The whole time I was there, not a single word about her beef with me was mentioned.    Soooo typical.

5 Responses to “Mother Issues followup”

  1. 1
    shelly:

    Our family doesn’t communicate either. Once, my MIL called me from INSIDE my brother-in-law’s house to ask me something for him. I said, “Um… he just called and asked me that. Aren’t you standing 2 feet away from him?”

  2. 2
    carosgram:

    There is an old saying - “least said, soonest mended” Maybe that is why your mother is dropping the subject. She had her cry with your sister about her feelings. Maybe now she has had time for her rational mind to take over and she can understand yours.

  3. 3
    Annie Malbutface:

    This really doesn’t make for an exciting story for the rest of us.

    Get back there and pick a fight!….then blog about it.

  4. 4
    An Observer:

    Well, you didn’t say anything either.
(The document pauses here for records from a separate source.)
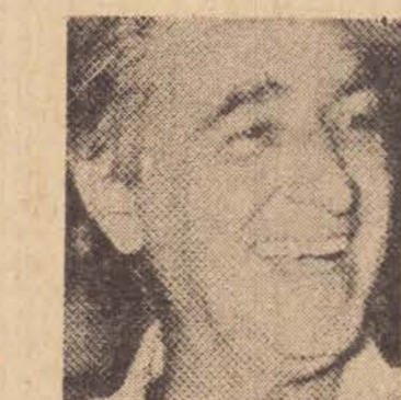
O senador Franco Montoro, do PMDB, explicou ontem o retorno de parlamentares e políticos aos quadros do sucedâneo do MDB dizendo o que se verifica é uma tomada de consciência dessas pessoas responsáveis que sentiram ser preciso unir as oposições e, conseqüentemente evitar a divisão, que seria desastrosa.

“Eu tenho certeza de que as eleições deste ano serão realizadas”. Com essa expectativa, o presidente nacional do PMDB, Ulysses Guimarães iniciou ontem incursão de três dias à região de Ribeirão Preto, para manter contatos destinados a orientar na formação de comissões provisórias do partido. Este também será o objetivo de um cronograma regressivo que o partido vai elaborar, tomando por base a data de 15 de agosto quando deverão estar registrados os candidatos às eleições municipais e já ter sido realizada a convenção nacional para registro definitivo do PMDB.
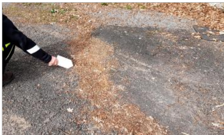
Vue de la laisse, SPC VCA, 2026
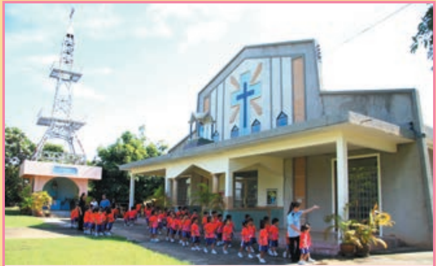
“เปิดวัดเป็นแหล่งเรียนรู้” วัดแม่พระถวายเป็นพระวิหาร ลูกแก ในฐานะเป็นจุดกำเนิดและแหล่งเรียนรู้ศาสนาคริสต์ของโรงเรียนธีรศาสตร์ เปิดวัดสำหรับนักเรียนโรงเรียนธีรศาสตร์ (อนุบาล) มาเยี่ยมชมวัด โดยมีคุณพ่อและคณะครูให้การต้อนรับและอธิบายวัดให้นักเรียนได้เรียนรู้ เมื่อต้นเดือนสิงหาคมที่ผ่านมา
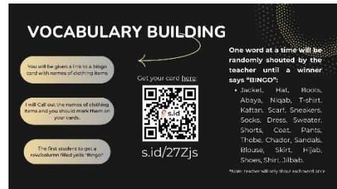
Gambar 1. Permainan Bingo interaktif

interaktif dapat meningkatkan partisipasi dan keterlibatan pembelajar.
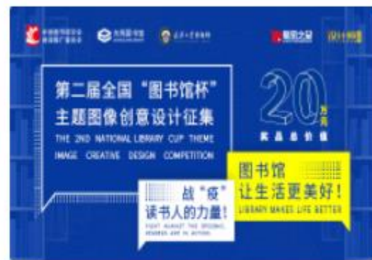
(已结束) 第二届全国“图书馆杯”主题图像创意设计征集活动
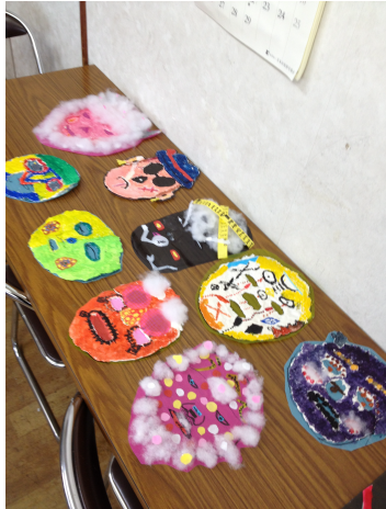
長尾教室／個性あふれるおめんたち
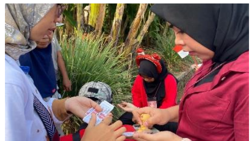
Membantu kepanitiaian jalan sehat RW 04 Kelurahan Purwosari
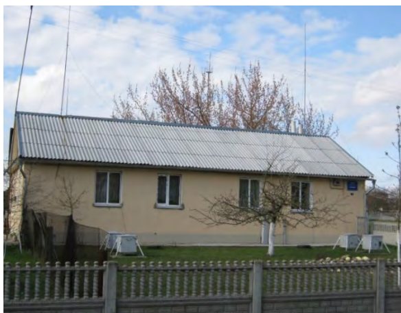
Рисунок 16.1-Административное здание метеостанции №19

Почва на метеоплощадке и окружающей местности супесчаная. Глубина залегания грунтовых вод 18-20 м.
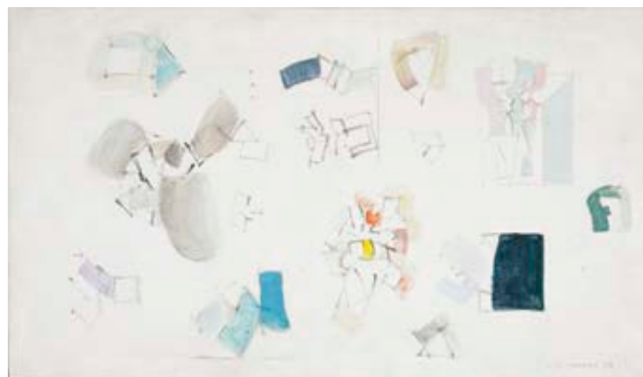
Mercado , 1969. Técnica mixta sobre lienzo. 42 x 73 cm

Exposiciones: XXXIV Exposizione Biennale Internazionale d'Arte di Venezia, Padiglione di Spagna, 1968

Really, if you want her to engage in an adult discussion you should engage her yourself in a conversation about the topic. Yes, you are frustrated because her behavior is “typical” of past behavior when things weren’t discussed. Instead of sulking about her “typical” response, do something about it. Resolve the issue. Take the suggestion of a wardrobe tour as a lead into a discussion about her meltdown. Look at this as growth, a way for two adults to communicate, as opposed to the silent she said/she said that will just build and never resolve itself.

    Just my .02. Been there, done that. These things must be resolved or they will build into bigger, more bitter battles down the road. Take control now.

  5. 5
    Peg:

    Take control of what? Someone she has no control over? C’mon already. She IS doing something about it. She is being amused (whilst actively not engaging in unhealthy triangulation)–Go AmFam Go!